Results: The differential methylation positions (DMPs) of the control group was significantly higher than that of the long-term survival group (P<0.01). The hypomethylated probes for Kyoto Encyclopedia of Genes and Genomes (KEGG) enrichment is summarized as follows: the significant pathway was related to NK-cell-mediated cytotoxicity and amino acid metabolism. We also found the Differential expression genes (DEGs) of long-term survival AML were roughly similar, and the DEGs were highly relevant to the cellular amino acid metabolic process pathway by gene set enrichment analysis (GSEA). Based on the further univariate and multivariate Cox survival analyses in GSE37642, genes crosslinked of DEGs and DMPs: LOXL1 and PDZRN4, which characterized as hypomethylated and upregulated, may become an AML prognostic marker (P<0.05). Besides, compared with the long-term-survival AML patients who discontinued chemotherapy after >3 years and the healthy donors, T cell-, natural killer cell-, MHC- and effector cell (EC)-related genes were downregulated; suppressor cells (SC) and checkpoint (CP) cells were significantly upregulated in the long-term-survival AML patients who discontinued chemotherapy after <3 years.

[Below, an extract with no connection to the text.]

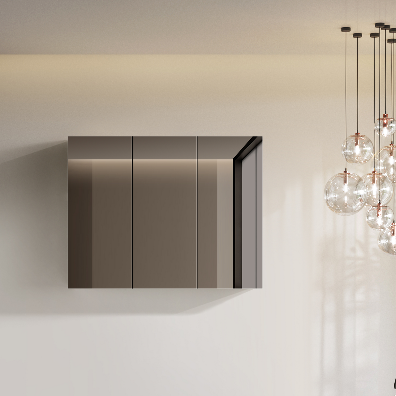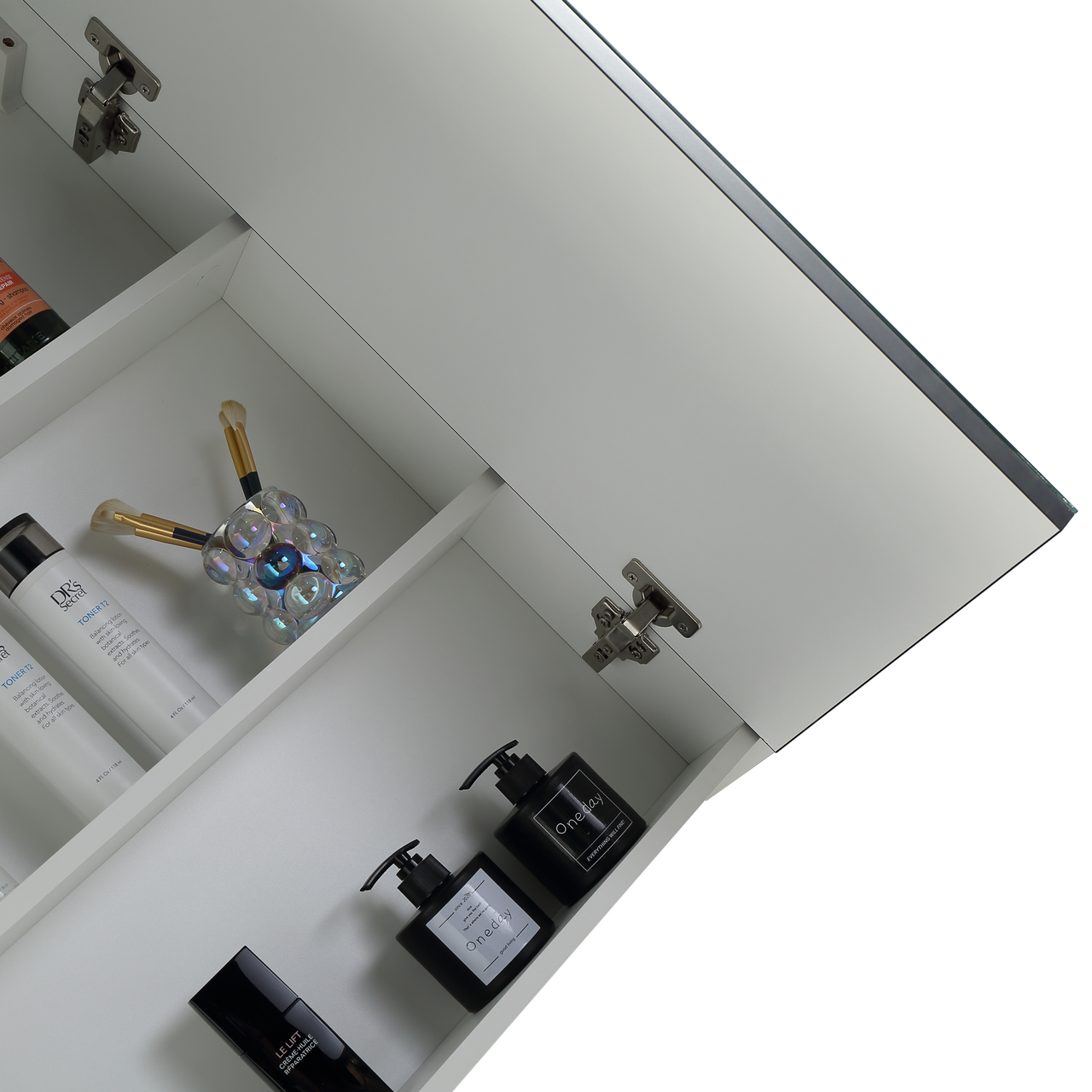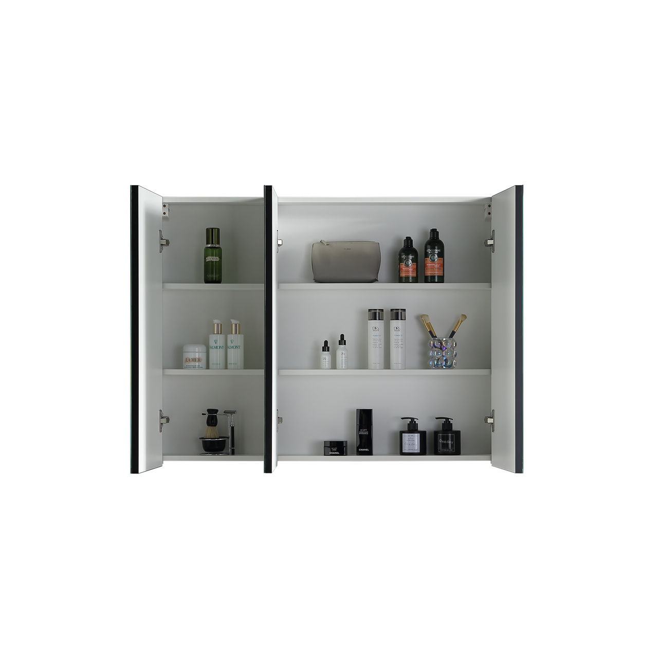 Speilskap i foliert MDF og spon, kommer med topp og sidepaneler i matt sort overflate. Åpnes lett i nedkant av hvert speilpanel. Skapet leveres med to hyller og monteres enkelt på vegg, med medfølgende festebeslag.
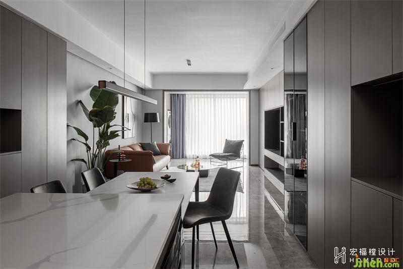 全屋以黑白灰進行潤色后融入大地色系,提升平和優(yōu)雅感的同時減少空間的冷度。簡潔的裝飾、充滿新鮮氣息的大理石達成了一種自然的平靜。在陽臺區(qū)域納入客廳、原始廚房墻體拆除后,南北通透,自然光線透過玻璃散發(fā)充足。

Conclusions: In terms of DNA methylation, RNA expression and ICI, AML patients with long-term survival were slightly different than that of healthy people. The profile of long-term AML survivors, especially those who discontinued chemotherapy less than 3 years, still differed from that of healthy people.

Keywords: Acute myeloid leukemia (AML); RNA-seq; immune cell infiltration (ICI); long-term survival.